Your $c_n$ are fine. A power series has the form $$ \sum_{n=1}^\infty c_n(x-a)^n $$ where the coefficients $c_n$ are scalars that do not depend on $x$, they can depend on $n$.

Your series is $$ \sum_{n=1}^\infty {(-1)^{n+1}\over n 2^n}(x-2)^n $$ Maybe it's illustrative to write out this series more explicitly $$\textstyle {1\over2}(x-2)^1+{-1\over 2\cdot 2^2}(x-2)^2+{1\over 3\cdot 2^3}(x-2)^3+\cdots. $$ The coefficients are the numbers $$ \textstyle {1\over2},\ {-1\over 2\cdot 2^2},\ {1\over 3\cdot 2^3},\ \cdots; $$ or, in general, the coefficients are: $$ c_n={(-1)^{n+1}\over n2^n}. $$ To find the radius of convergence, you can compute (note the absolute values) $$ \lim_{n\rightarrow\infty}{ |c_{n+1}|\over |c_n|} =\lim_{n\rightarrow\infty}{{1\over (n+1) 2^{n+1}}\over{1\over n2^n} } =\lim_{n\rightarrow\infty}{n\over (n+1)2}={1\over2}. $$

The radius of convergence is the reciprocal of the above limit: $1/(1/2)=2$. This tells you that:

$\ \ \ \ $ the series converges whenever $|x-2|<2$

and

$\ \ \ \ $ the series diverges whenever $|x-2|>2$.

Since $|x-2|<2$ if and only if $0<x<4$, we see that the series converges on the interval $(0,4)$. Outside the interval $[0,4]$, the series diverges.

So we almost have the answer.

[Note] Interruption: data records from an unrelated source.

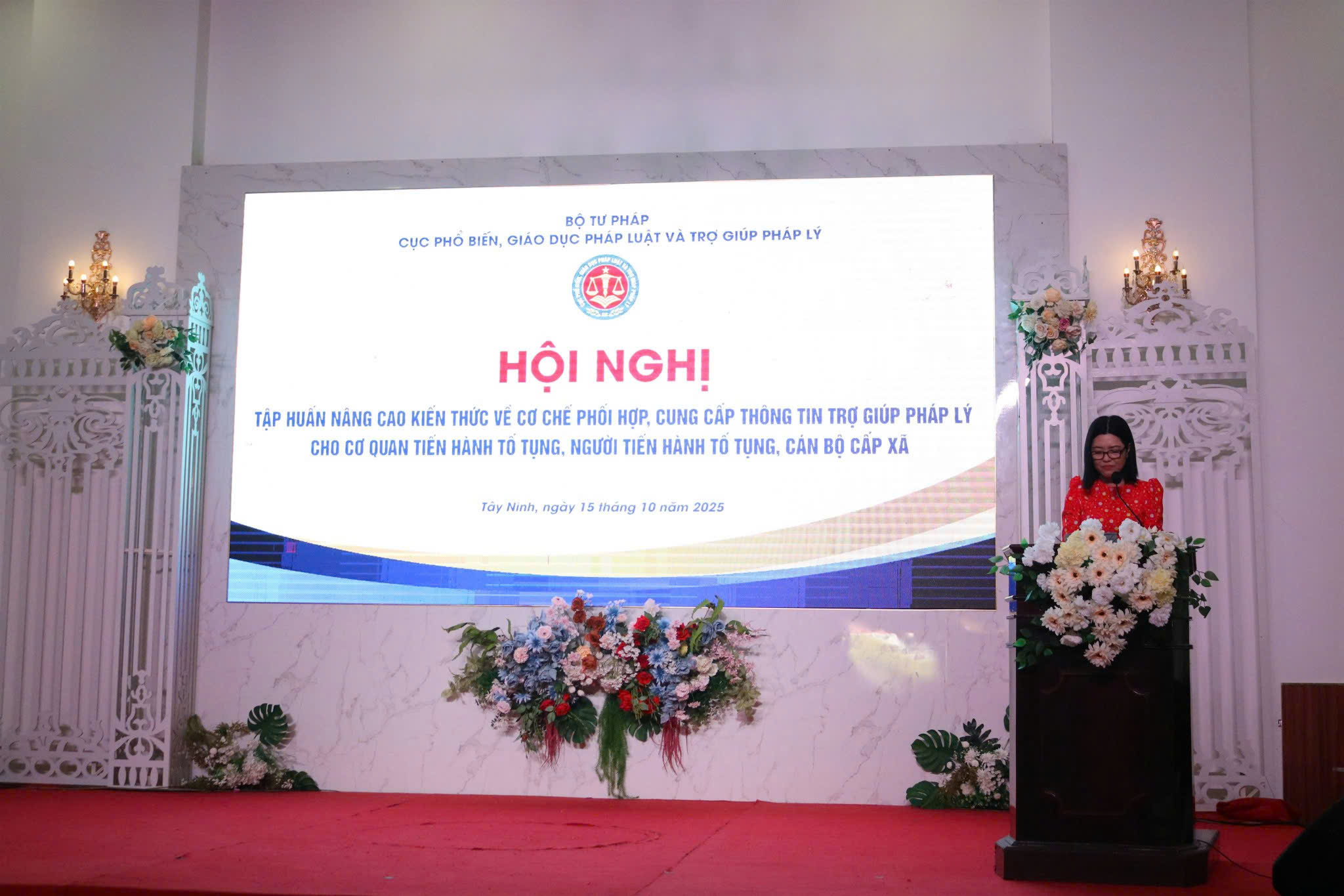 Thực hiện Kế hoạch công tác năm 2025, ngày 15/10/2025, Cục Phổ biến, giáo dục pháp luật và Trợ giúp pháp lý, Bộ Tư pháp tổ chức Hội nghị tập huấn nâng cao kiến thức về cơ chế phối hợp, cung cấp thông tin trợ giúp pháp lý trên địa bàn tỉnh Tây Ninh.
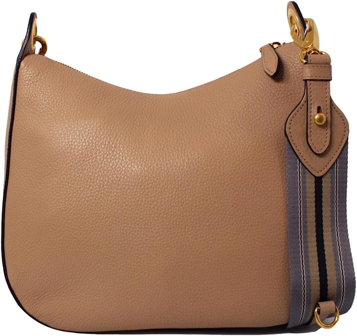 Tan leather with gold Prada Paris logo and silver and blue nylon web striped strap
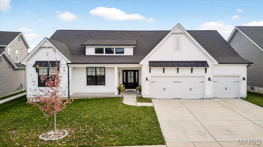 Welcome to this beautifully designed 3-bedroom, 2.5-bath with 3 car garage ranch located in the highly sought-after Villages at Sandfort Farm community. The open floor plan offers convenient access to the kitchen and dining area. The exterior showcases excellent curb appeal with stone and horizontal/board and batten white siding, Craftsman-style details and carriage-style garage doors. Inside, you’ll find 9-foot ceilings on the main level, Engineered wood flooring, and a spacious great room with a wall of windows, a gas fireplace with stone surround. The open-concept kitchen features a large center island with seating, Granite countertops, gas cooktop with microwave hood, crown moulding cabinets, pantry. The primary suite offers a large room with 2 big windows, and a walk-in closet with built-in organizers and attached restroom with dual vanity. Additional 2 bedrooms come with walk-in closets. Entire house has recess lighting, multiple ceiling fans, vintage plus series garage doors, unfinished basement with rough in for future addition of bathroom and sump pump.
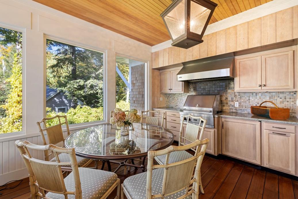 Attached three season porch with built in Viking grill

But, we have not said anything about the endpoints of this interval ($x=0$ and $x=4$). The series may or may not converge at the points $x=0$ and $x=4$. You need to check what happens when $x=0$ and $x=4$ separately.

This is a matter of replacing $x$ by the appropriate value in the series and seeing what you get:

When $x=0$, the series becomes: $$ \sum_{n=1}^\infty {(-1)^{n+1}\over n 2^n}( 0-2)^n =\sum_{n=1}^\infty {(-1)^{2n+1}\over n } =\sum_{n=1}^\infty {-1\over n } $$ which diverges. The series does not converge for $x=0$.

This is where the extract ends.